According to the definition in Section 3 of the Agricultural and Food Supply Chain Act 2023 (and Article 2 (5) of the Directive), perishable agricultural and food products means ‘agricultural and food products that, by their nature or at their stage of processing, are liable to become unfit for sale within 30 days after harvest, production or processing.’

 

The following text from Recital 17 of the Directive also deals with perishability considerations where it states: ‘A product should be considered perishable if it can be expected to become unfit for sale within 30 days from the last act of harvesting, production or processing by the supplier, regardless of whether the product is further processed after sale, and regardless of whether the product is handled after sale in accordance with other rules, in particular food safety rules. Perishable products are normally used or sold quickly.’

 

The definition in the Act (which includes definitions from the Directive) does not contain any reference to the ‘handling’ of a product but refers to the ‘nature or stage of processing’ of the product. For that reason, any subsequent handling, e.g., cold storage, is not to be taken into account for products in their natural state or for products which have not been subject to an act of processing that changed their natural state, when determining whether a certain product is to be considered perishable. This, however, also means that prior to the sale of a product to a buyer, if the product has been subject to any act of processing that changes the nature of the product (e.g. freezing) as a result of which it must be handled in a certain way in order to be able to remain fit for sale (e.g. maintained as frozen), then a continuation of this handling by the buyer can be taken into account when considering whether it falls within the perishable agricultural and food product definition.

 

The clarification in Recital 17 of the Directive also means that a product should be regarded as perishable, regardless of the individual use which a buyer might envisage for a perishable product. Taking into account the purpose of the intended and individual usage of the product by the buyer will undermine the protection that the Directive and Regulations attempts to give by setting stricter deadlines for payment of perishable products.
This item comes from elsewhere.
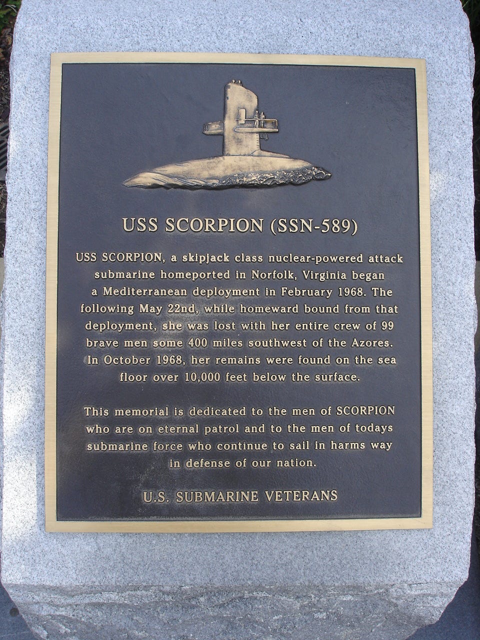 Source: amazon.com The Disappearance Of The Uss Scorpion: The History Of The Mysterious Sinking Of The American Nuclear Submarine: Charles River Editors: 9781537026862: Amazon.Com: Books Source: submarinebooks.com Scorpion Down Uss Scorpion Ssn 589 Submarinebooks.Com Source: dw.com French Submarine That Vanished In 1968 Found In Mediterranean News Dw 22.07.2019 Source: poststar.com Submarine Memorial Ceremony To Offer Sense Of Closure For Local Family Local Poststar.Com Source: jmsnet.com Uss Scorpion Documentary For Discovery Channel Jms Naval Architects Source: wearethemighty.com This Is What Happened To The Uss Scorpion We Are The Mighty Source: blog.marinersmuseum.org 55Th Anniversary Of The Sinking Of Uss Thresher Mariners' Blog Source: warhistoryonline.com The Mystery Of The Sinking Of The Uss Scorpion Source: amazon.com Amazon.Com: The Disappearance Of The Uss Scorpion: The History Of The Mysterious Sinking Of The American Nuclear Submarine (Audible Audio Edition): Charles River Editors, Ken Teutsch, Charles River Editors: Audible Audiobooks Source: michelleule.com The Scorpion And The Titanic Michelle Ule, Author Source: reddit.com May 17Th, 1968: "Executed Event Submiss At 271915Z For Uss Scorpion. All Submarine Units Surface Or Remain Surfaced Until This Message Cancelled." The Mystery Of Ssn 589, A Us Nuclear Submarine That Sank Source: navalnews.net How Many Nuclear Submarines Have Been Sunk? Naval News Source: navytimes.com The Last Secret Of The Scorpion Source: military.com 55 Years After Thresher Disaster, Navy Still Keeps Secrets On Sub Loss Military.Com Source: interestingengineering.com U.S.S. Thresher And Scorpion The U.S.'S Lost Nuclear Submarines Source: navytimes.com The Last Secret Of The Scorpion Source: alanscandrett.github.io Ssn Wrecks Source: pinterest.com Picture Of The U.S.S. Scorpion Wreck Which Was Lost In 1968 With All Hands Near The Azores. Us Submarines, Nuclear Submarine, Submarines Source: navytimes.com The Last Secret Of The Scorpion Source: interestingengineering.com U.S.S. Thresher And Scorpion The U.S.'S Lost Nuclear Submarines Source: navsource.org Submarine Photo Index Source: bluebird-electric.net Nuclear Submarines Lost At Sea Sinkings All Hands Das Boot Source: ussvicb.org Families Of The Scorpion Secrecy Of Disappearance Compounded Families' Pain By Ed Offley Seattle Post Intelligencer Military Rep Source: bonefishbase.org The Loss Of The Uss Scorpion: Myths, Legends, & Reality Source: popularmechanics.com Uss Thresher Why Did The Thresher Submarine Sink? Source: popularmechanics.com The Hunt For The Titanic Was Actually A Hunt For Lost U.S. Nuclear Submarines Source: pinterest.com Uss Thresher (Ssn 593) Uss Thresher, Submarines, Us Navy Submarines Source: navalnews.net How Many Nuclear Submarines Have Been Sunk? Naval News Source: wtvr.com Uss Scorpion Disaster That Killed 99 Sailors Remains Maritime Mystery Source: medium.com Mysteries Of The Sea: What Sank The Uss Scorpion? By Michael East The Mystery Box Medium Source: warhistoryonline.com The Mystery Of The Sinking Of The Uss Scorpion Source: history.navy.mil Nh 97223 Kn Wreck Of Uss Scorpion (Ssn 589) Source: medium.com What Could Have Happened To The Four Submarines That Sunk In 1968 That No One Seems To Figure Out? By Alastair Majury Medium Source: m.tribuneindia.com The Sunday Tribune Spectrum Article Source: gigazine.net The 1985 Survey That Discovered The Titanic Was Based On The Vacant Time Of The Search Of The Us Navy Sinking Submarine Gigazine Source: historynet.com The Uss Scorpion Buried At Sea Source: bonefishbase.org The Loss Of The Uss Scorpion: Myths, Legends, & Reality Source: dailyherald.com U.S. Sub Sinking 50 Years Ago Led To Safety Changes Source: seacoastonline.com Sub Thresher'S Nuclear Reactor Remains Buried At Sea News Seacoastonline.Com Portsmouth, Nh Source: engineers-channel.blogspot.com Engineering Channel: Uss Scorpion Submarine Disaster Source: hindustantimes.com Mystery Disappearance To Explosion: Major Submarine Disasters From The Past Hindustan Times Source: thinkmiamicountyhistory.com Uss Scorpion Source: amazon.com Amazon.Com: The Disappearance Of The Uss Scorpion: The History Of The Mysterious Sinking Of The American Nuclear Submarine Ebook: Charles River Editors: Kindle Store Source: militaryfactory.com Uss Scorpion (Ssn 589) Source: deviantart.com Nicktoons Unite Reacts Uss Scorpion Sinking By Titan994 On Deviantart Source: math.cmu.edu 1 Math 122 Fall 2008 Handout 5(A): Design Of The Uss Scorpion (A) (B) Source: pilotonline.com A Navy Submarine With 99 Sailors Mysteriously Disappeared 50 Years Ago The Virginian Pilot Source: en.wikipedia.org Uss Scorpion (Ssn 589) Wikipedia Source: navsource.org Submarine Photo Index Source: dailymail.co.uk Navy Releases Documents From Cold War Loss Of Submarine Uss Thresher Daily Mail Online Source: nationalinterest.org Uss Scorpion The National Interest Source: warfarehistorynetwork.com Nuclear Submarine Disaster Warfare History Network Source: thearmoredpatrol.com The Curious Case Of The Missing Uss Scorpion (Ssn 589) The Armored Patrol Source: nationalinterest.org The Mysterious, Sad Story Of The Doomed Submarine Uss Scorpion The National Interest Source: sputniknews.com 5 Most Mysterious Submarine Accidents Sputnik International Source: en.wikipedia.org Uss Scorpion (Ssn 589) Wikipedia Source: navytimes.com The Last Secret Of The Scorpion Source: wearethemighty.com This Is What Happened To The Uss Scorpion We Are The Mighty Source: extremetech.com Komsomolets: The Prototype Soviet Nuclear Sub Still Resting At The Bottom Of The Ocean Extremetech Source: submarinedocumentary.com Submarine Documentary Feature Documentary Submariners The Men Of The Silent Service From Diesel To Nuclear A Feature Documentary Film By Tony Rollo Of Nashville Submarine Sailor Uss Nautilus Uss Source: books.apple.com The Disappearance Of The Uss Scorpion: The History Of The Mysterious Sinking Of The American Nuclear Submarine (Unabrid

Yes, the Regulations are applicable if either the supplier or the buyer is based within Ireland.

Two key factors must be considered to establish correct payment period applicable to suppliers of agricultural and food products under the UT Regulations. It must be established:

  • If the supply agreement provides for the delivery of goods on a regular basis, and

  • If the product falls within the definition of a ‘perishable agricultural and food product’ (see FAQ#9 for guidance on this).

Buyers and their suppliers should come to a mutually agreed position on whether the traded product falls within the definition of a ‘perishable agricultural and food product’ for the purposes of the UT Regulations, as this determines whether the product must be paid for within 30 days or 60 days.  The Agri-Food Regulator would only become involved on receipt of a complaint where there is an unresolved dispute between the parties.  A case-by-case assessment would be necessary should such circumstances arise.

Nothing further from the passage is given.